In a world where two souls can be reborn in a thousand universes, two lovers navigated through memories and tried to remember who they were for each other.

The story started like this:

The body laid unmoving, colors draining from her face, down to the pool of blood wetting the soil under their bodies. The world stopped in motion, saves for the crow hovering above and far cries of battle shedding another body to dispose of behind.

The air is thick with blood, but Ava knew better of grief materialized.

Her consciousness thinned; body ached, straight down to her bones, and for all that she finally found her triumph, it was nothing compared to losing the only one worthy enough of her trust—a safe keep where she, a flightless bird, could land.

Had she been more foolish she would have named it for what it was, but she had not. The word felt too big—too heavy—and she was a soldier terrified.

Terra. Lacing her fingers to the stiffening frame, she pulled the woman into her arms, crouching above the limp body.

The sky was getting darker, signaling a storm nearby. Ava cradled her face, hair heavy and wet, crimson-stained. She looked beautiful like this, Ava thought; eyes closed and pale lips slightly puckered, as if waiting for a promised prince to wake her up from eternal sleep. There were pieces of silver and bronze armors scattered beneath their feet. Ava remembered the sword in her hand, glistening with blood not her own. How she could feel the other’s heartbeat stopped before the last blow.

They had been Ava and Terra, in this life, born to serve a losing battle.

She had long ago learned that bonds are temporary; the Divine could confiscate it as easy as taking a child’s toy out of their embrace.

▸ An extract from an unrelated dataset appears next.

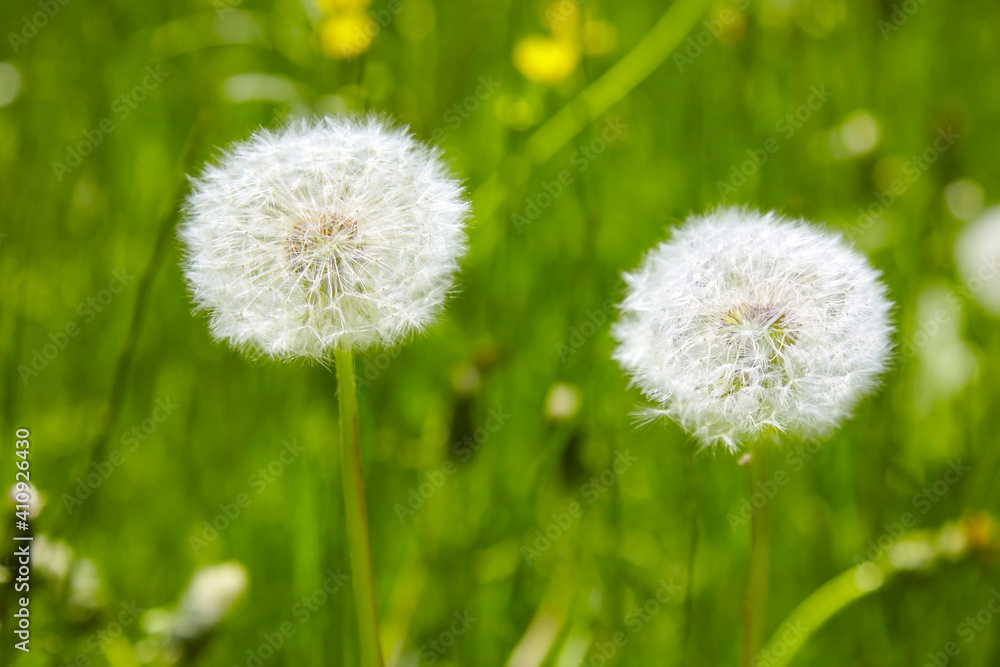 Beautiful close-up of a dandelion meadow in spring.

She had accepted that, understanding the reality of the battlefield and the ruthless nature of war. War was not poetic nor noble; it did nothing but take without permission nor restraint, and she could only hold as much as fate gave her permission to.

Ava was not, in any sense, a believer, but there was always a sense of truth in prophecies. For she was once destined to drift alone; orbiting a peace whose name dissipates at the end of her tongue. Sympathizing with your enemy was a betrayal, let alone falling in love with them.

Of course, she knew of this. She already paid her price.

There was a later time to mourn. Not far from here, there was a legion who needed her help. She was a soldier first, even before she was a human. Taking someone’s life had always been as easy as breathing, and she still had a war to win. Her logical part told her to run away before someone laid their eyes on them and realized what they had done; to find refuge before it was too late. 

She stayed still with Terra’s cold body in her arms instead.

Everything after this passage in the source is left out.